Guide to enable *Dolby Digital Live* and/or *DTS Interactive S/PDIF*:

In a nutshell, the process to follow is as follows:
1. Uninstall your existing Realtek drivers with Display Driver Uninstaller (DDU) and reboot. You will have to disable the use of signed drivers Guide (How To Disable Driver Signature Enforcement, How to disable mandatory use of signed drivers)
2. Download and extract zip file containing original Realtek HD audio drivers R2.80 (In my case I use the version *R2.82*/*6.0.1.8210*).
3. Use Pihto's patch to patch the DLL files (the *password* is ''*realtek*'').

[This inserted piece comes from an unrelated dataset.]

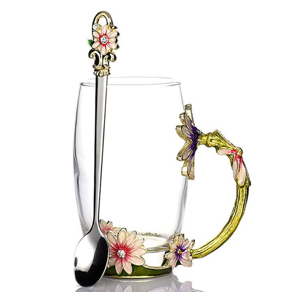 - Elegant glass teacup featuring a colorful flower design, complete with a matching lid and spoon.

The target filenames are listed on the patcher window. They begin with "*rltkAPO64.dll*, *rltkAPO.dll*" and may be in "win32" and "win64" subfolders of the Realtek package. You will have to manually select each file to patch and run the patcher multiple times to patch all matching files.
4. Now run the Realtek setup program. You may be asked to install unsigned drivers. Choose yes.
5. Do not immediately reboot. Instead, open regedit and ensure the "*DisableProtectedAudioDG*" registry fix is still present. If not, add it again.


> REGEDIT4
> [HKEY_LOCAL_MACHINE\SOFTWARE\Microsoft\Windows\CurrentVersion\Audio]
> "DisableProtectedAudioDG"=dword:00000001


6. Reboot, and *Dolby Digital Live*/*DTS Interactive* should be available.
7. Working properly on *Windows 11* with Realtek version *R2.82 *or* R2.80*

This guide only works for the *S/PDIF* interface and will unlock *Dolby Digital Live* and *DTS Connect*


----------



## leonpano (May 1, 2022)

Gustavo Sicha said:


> Guide to enable *Dolby Digital Live* and/or *DTS Interactive S/PDIF*:
> 
> In a nutshell, the process to follow is as follows:
> 1. Uninstall your existing Realtek drivers with Display Driver Uninstaller (DDU) and reboot. You will have to disable the use of signed drivers Guide (How To Disable Driver Signature Enforcement, How to disable mandatory use of signed drivers)
> ...


driver is way way too old for my moterboard
2015 driver on 2020 moterboard?


----------